Ducking and twisting are straightforward exercises that stretch and strengthen your ab muscles and you can use it as you go about your normal daily activities to. For example, to get an object that is on your right, reach for it with the left hand and vice versa. If you must look behind you, do it by keeping your hips in place and twisting at the waist. These basic actions stretch your muscles for a leaner look.


You can do all the ab exercises in the world, but you will not see if the muscles are hidden under a layer of abdominal fat. Nutrition is a fundamental part of the development of great abs too, and some monitoring is indispensable if one wants to shake off body fat. This is doubly important with the evening meal as most people are not very animated after dinner. This means they burn less calories. Try to drink a big glass of water before you dine so you are less tempted to guzzle everything on the table. Fill your plate with fresh vegetables, whole grains and lean proteins. A sensible diet combined with habitual abdominal exercises will give you that trim, sexy waistline you've forever wanted.

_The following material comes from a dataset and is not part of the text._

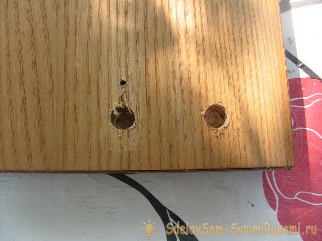Сверлим в ней отверстия под гайки. Тоже не сквозные. Нужно быть осторожным в данной процедуре. Ножки у стола толстые и в них сверлить проще, а тут можно разогнаться и продырявить столешницу.

Doing ab workouts regularly is not enough to achieve sculpted, six-pack abs. Nourishment plays a considerable part as well. Start by giving up high-calorie soft drinks and energy drinks and start imbibing good old water instead. Ideally, you should down approximately two liters of water a day. Not only will this keep you hydrated, it will stave off the hunger pangs. You should also avoid sugar and starchy foods as white bread and rice. Your body tends to quickly metabolize these foods in fat. Importantly, stay motivated and remember that the absence of one day of exercise or indulging in a piece of cake is not the end of the world. Simply return to your routine the next day and look forward to a slimmer, trimmer you.

 

Andrew Wilson looks after KnowHow-Now.com a social networking site for content producers and their audience. If you want to learn about getting six pack abs or contribute articles and blog posts on almost any topic check out this rapidly growing site.